Saved data entries
▬▬▬

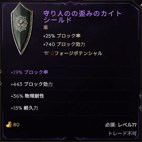ユニーク盾「ラーエーの光」はディフェンス面では微妙と判断し、出来合いのイグゾルト盾に置き換えたら、通常のエコー攻略は少し安定しました。
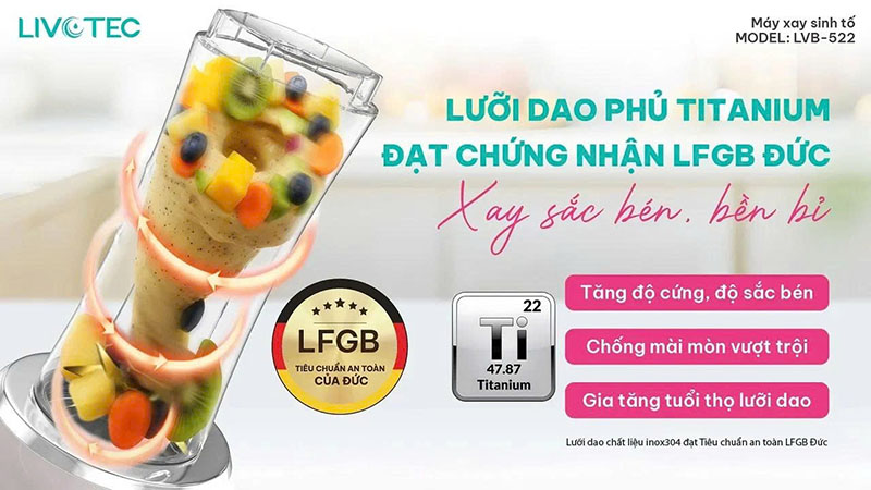 Lưỡi dao của máy xay sinh tố Livotec LVB-522 được chế tác từ inox 304 cao cấp, đạt chứng nhận LFGB của Đức – tiêu chuẩn an toàn thực phẩm hàng đầu châu Âu.
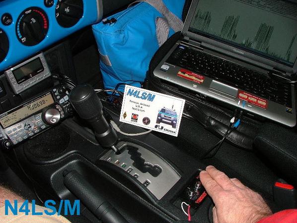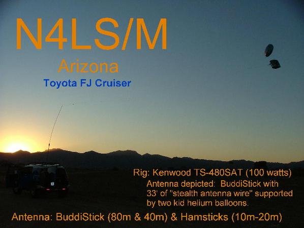 I had the opportunity to improve my mobile CW skills while driving and sitting in my driveway. My rig is a Kenwood TS480SAT (100 watts with built in tuner), mini-straight key, laptop with Get CW software, a BuddiStick portable vertical mounted on my trunk mount Diamond K400 plus an assortment of Hamsticks. 139 QSOs, 35 countries, Worked All Continents including 5 continents on 80 and 40 meters. I also added 33 of stealth antenna wire to my BuddiStick to improve my low band signal. I used two Scooby Doo balloons from Wal-mart to elevate the wire. I only operated this way at night and in my drive way to keep from embarrassing the ham radio communitysee photo below of my antenna being tested the night before the contest. From sitting in my drive way at 3 AM to driving in traffic on the interstate at 80 mph, this was a memorable DX CW contest. See you in the next contest, 73 Ned N4LS/M -- N4LS
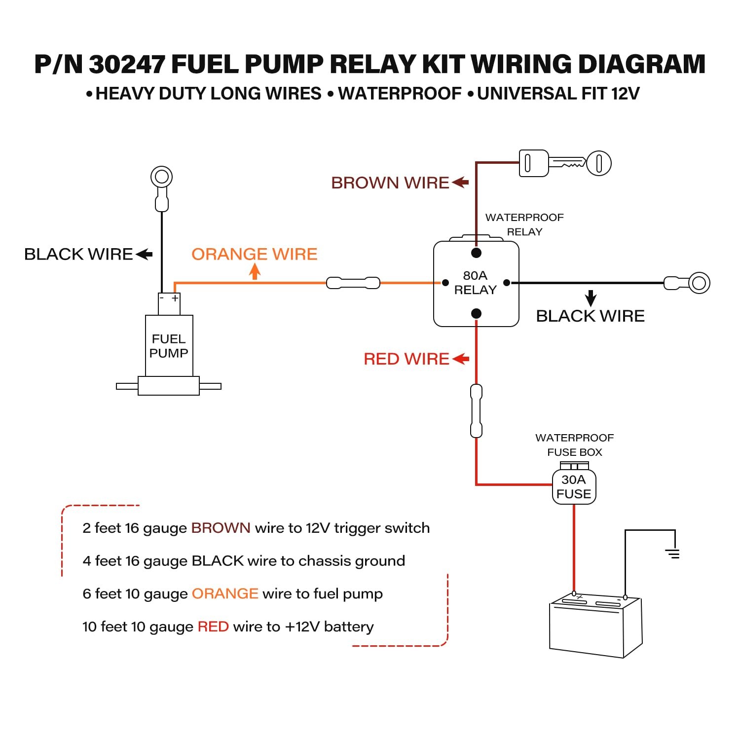 12V System 80 Amp Electric Fuel Pump Relay Kit |
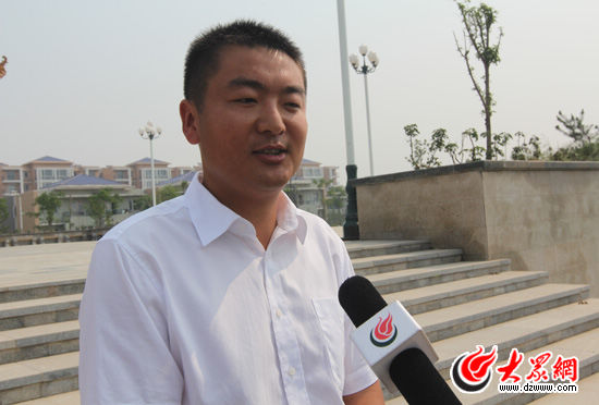 东明玉皇集团总经理王胜伟接受大众网采访,他说,未来玉皇新村要让这里所有的村民都住上别墅。(记者 郭豪摄)
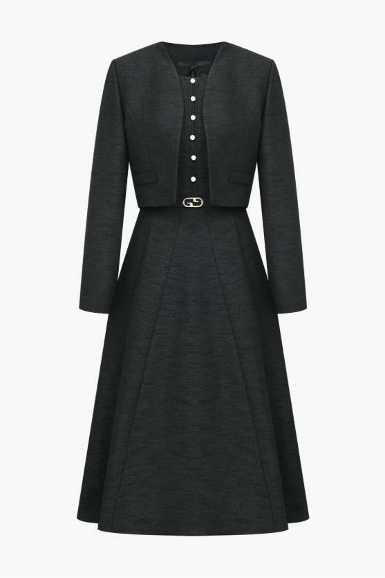 우아한 실루엣을 완성하는 자켓과 원피스가 레이어드된 아이템입니다.
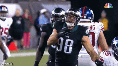 Philadelphia Eagles player Connor Barwin celebrates on the field with a chest tap.
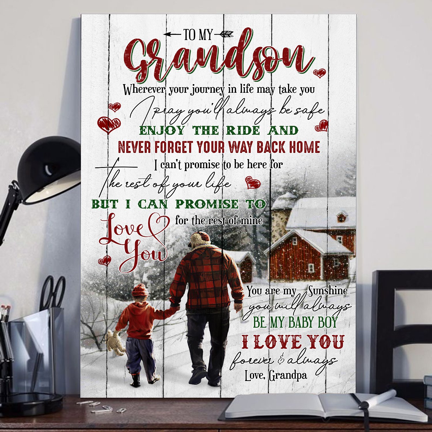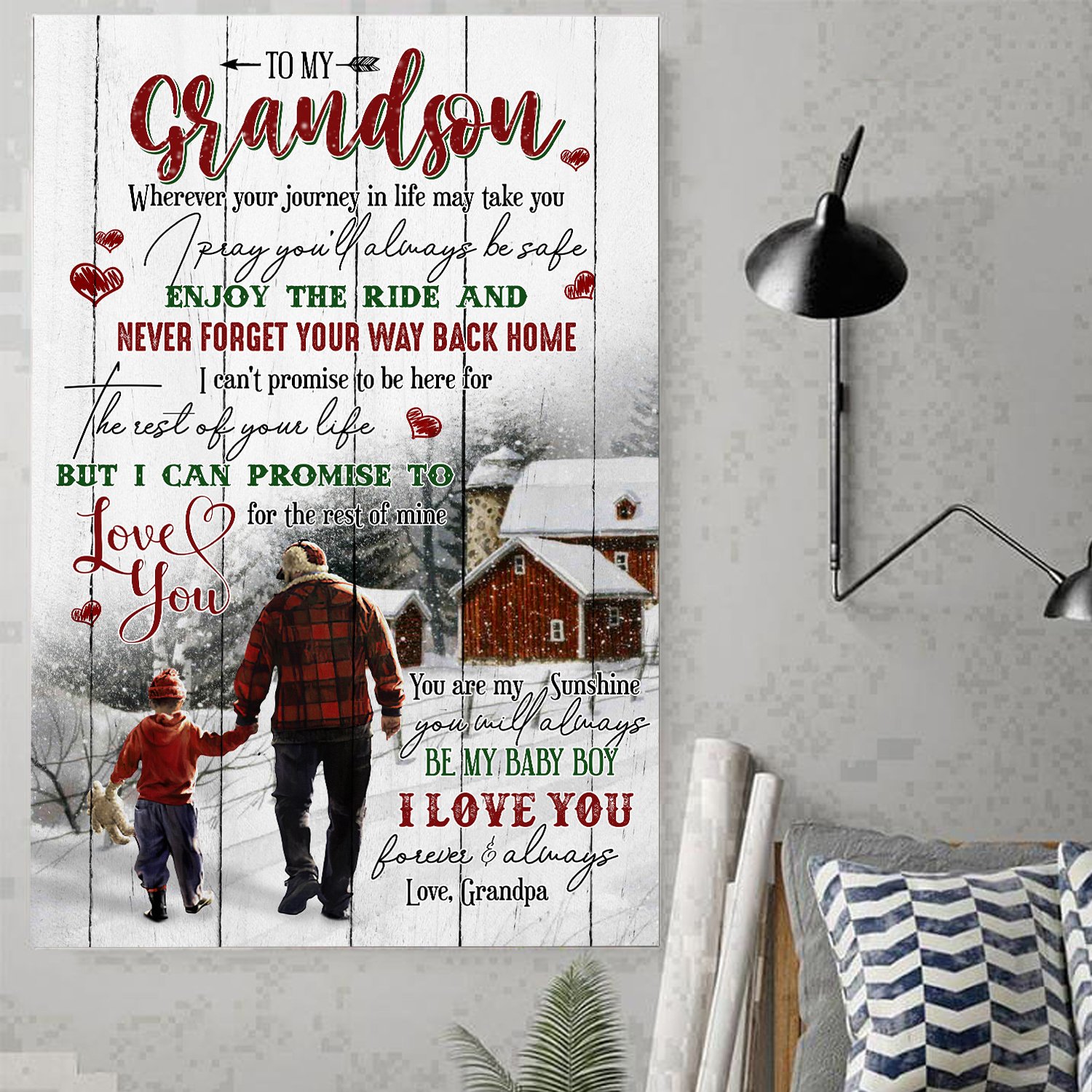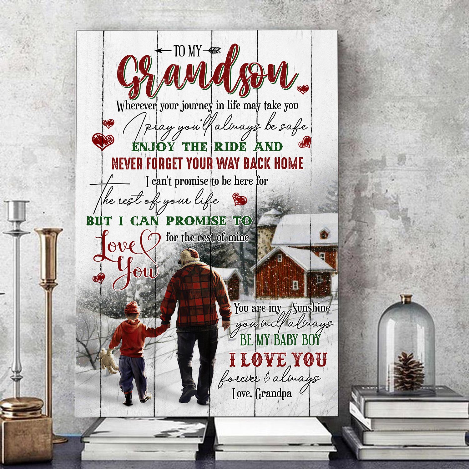Awesome Family Gift For Grandson From Grandpa – Wherever Your Journey In Life May Take You I Pray You’ll Always Be Safe. Enjoy The Ride And Never Forget Your Way Back Home Poster
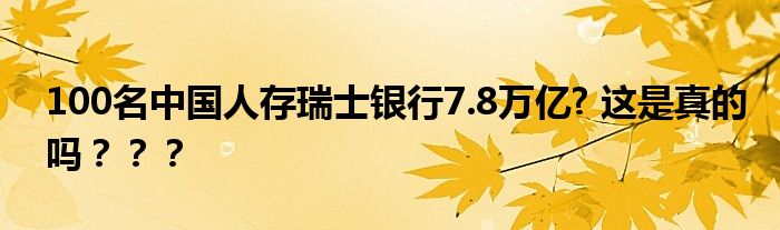 近日,網(wǎng)上熱傳《100名中國(guó)人存瑞士銀行7.8萬億?都是些什么人》,引發(fā)網(wǎng)民的關(guān)注。文章稱:瑞士銀行公布消息,100位中國(guó)人在瑞士銀行的存款合計(jì)7.8萬億,則平均存款為:78000億/100=780億人民幣。
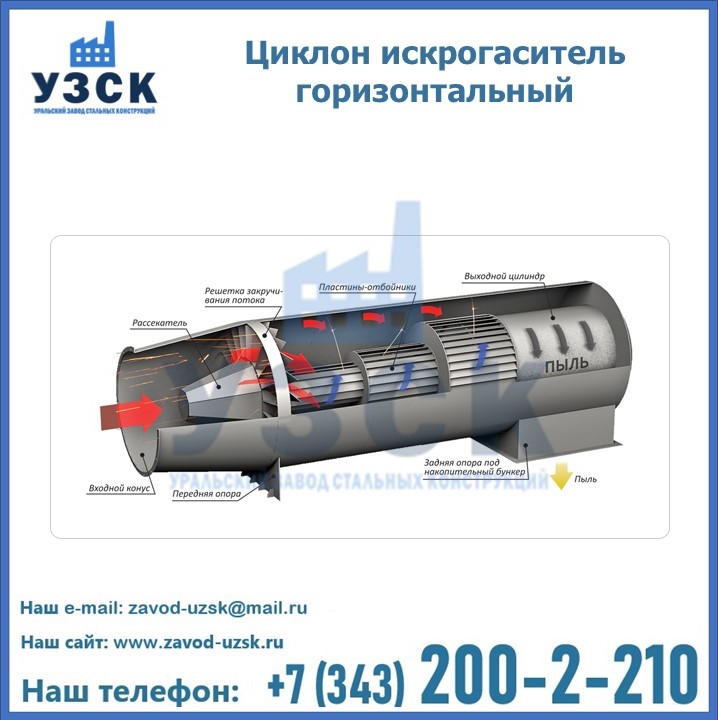 Горизонтальные циклоны-искрогасители ЦГ поставляются в Ногинске в сборке или же транспортными единицами для последующей сборки, если предназначены для работы с большими объемами.
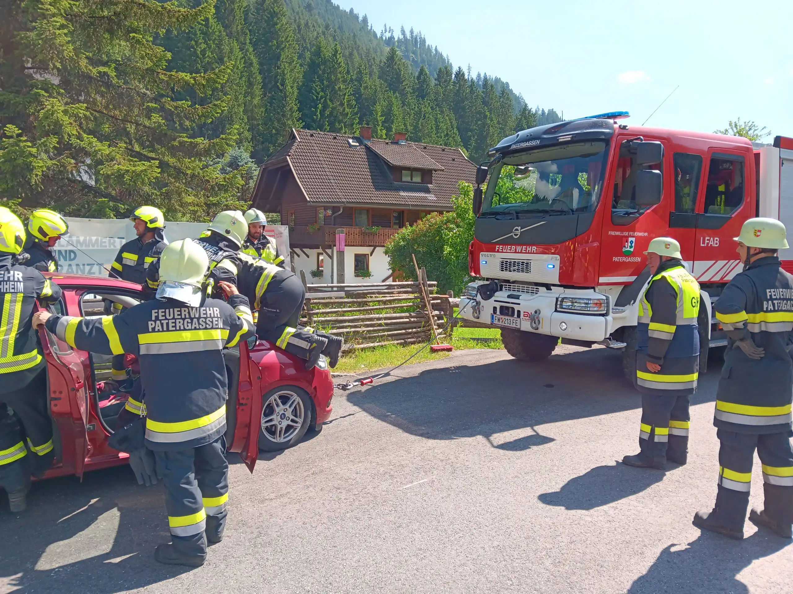 Am Mittwoch, den 18.06.2025, wurden die Kameradinnen und Kameraden der Freiwilligen Feuerwehr Patergassen um 15:01 Uhr per Sirenenalarm zu einem Verkehrsunfall nach Bad Kleinkirchheim gerufen. Laut Einsatzmeldung kam es auf Höhe des Hotels Trattlerhof zu einem Zusammenstoß zwischen einem LKW und einem PKW, bei dem der PKW-Lenker im Fahrzeug eingeklemmt wurde.
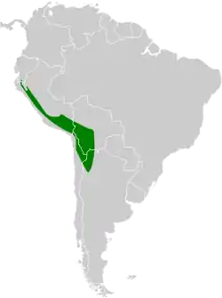 Se encuentra en Perú, Bolivia, el norte de Argentina y Chile y el extremo sur de Ecuador.[1] Sus hábitats naturales son los humedales y planicies de montaña.[4]
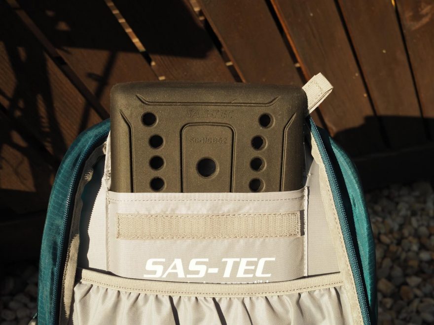 Síťka se dá na batoh upnout hned několika způsoby. Toto je jeden z nich.
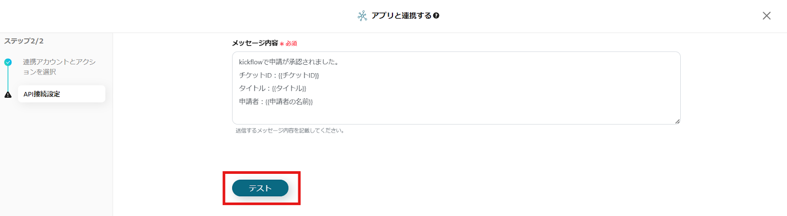 テスト用の申請を行い承認をしたら、赤枠のテストボタンを押してください。
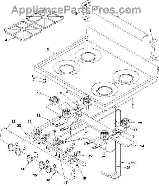 Fastening screw for securing components inside appliances. Replaces lost, stripped, or damaged screws during repairs or part installations.
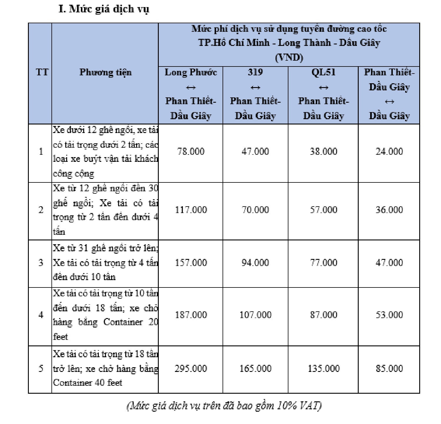 Ví dụ: Nếu đi từ Long Phước (TP Thủ Đức) đến hết cao tốc HLD là điểm giao quốc lộ 1A (huyện Thống Nhất, Đồng Nai) thì thu phí 98.000 đồng (chưa tính VAT). Tuy nhiên, nếu phương tiện đi từ Long Phước đến nút giao thành phần đầu tư xây dựng đoạn Phan Thiết - Dầu Giây, muốn thoát cao tốc HLD vào tuyến cao tốc Phan Thiết- Dầu Giây thì chi phí sẽ giảm xuống còn 78.000 đồng (chưa tính VAT).
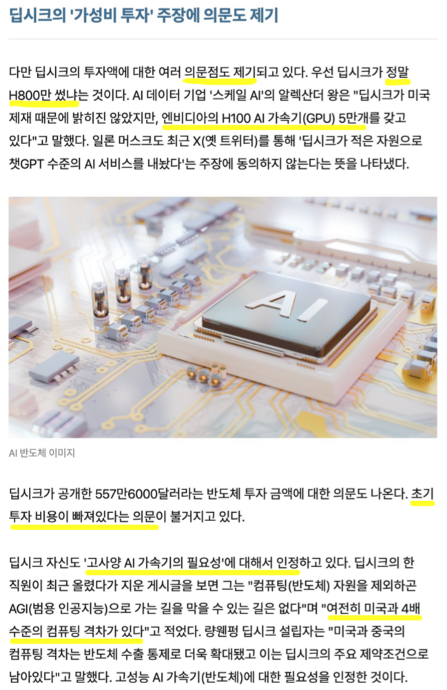 딥시크가 공개한 AI 모델은 고성능, 고가의 AI 반도체(H100)를 사용한 Open AI의 모델보다 고성능을 출력하지만 저가형 AI 반도체를 사용했다는 점에서 화제가 되고 있다.
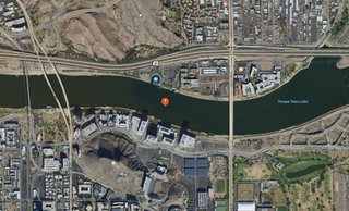 For what it’s worth, that picture doesn’t look like it’s over a lake. Awfully narrow for a lake.
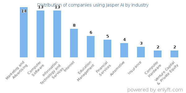 Looking at Jasper AI customers by industry, we find that Marketing and Advertising (13%), Computer Software (12%), Information Technology and Services (12%), Internet (7%) and Education Management (5%) are the largest segments.
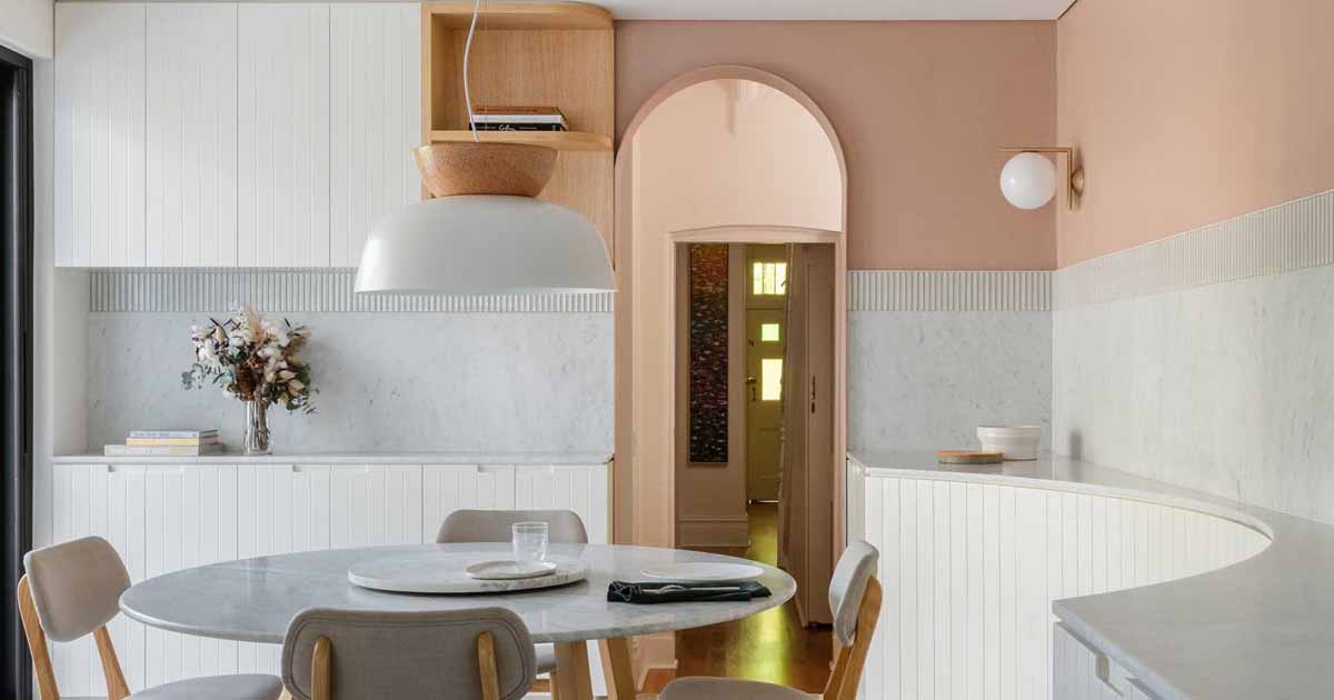 En este comedor moderno, los duraznos terrosos cubiertos con el centro de ayuda de la base de mosaicos y mantienen el espacio, mientras que la mesa de comedor redondeada de mármol de Jardan es el núcleo del espacio, mientras que las líneas de carpintería de paneles de madera curva son las paredes.

▬▬▬

Exercise prompt ▸
Taking the entries above, extract every line from the one bearing "东明玉皇集团总经理王胜伟接受" through the one bearing "近日,網(wǎng)上熱傳《", exactly, with no pictures.

Response area ▸
 东明玉皇集团总经理王胜伟接受大众网采访,他说,未来玉皇新村要让这里所有的村民都住上别墅。(记者 郭豪摄)
 우아한 실루엣을 완성하는 자켓과 원피스가 레이어드된 아이템입니다.
 Philadelphia Eagles player Connor Barwin celebrates on the field with a chest tap.
Awesome Family Gift For Grandson From Grandpa – Wherever Your Journey In Life May Take You I Pray You’ll Always Be Safe. Enjoy The Ride And Never Forget Your Way Back Home Poster
 近日,網(wǎng)上熱傳《100名中國(guó)人存瑞士銀行7.8萬億?都是些什么人》,引發(fā)網(wǎng)民的關(guān)注。文章稱:瑞士銀行公布消息,100位中國(guó)人在瑞士銀行的存款合計(jì)7.8萬億,則平均存款為:78000億/100=780億人民幣。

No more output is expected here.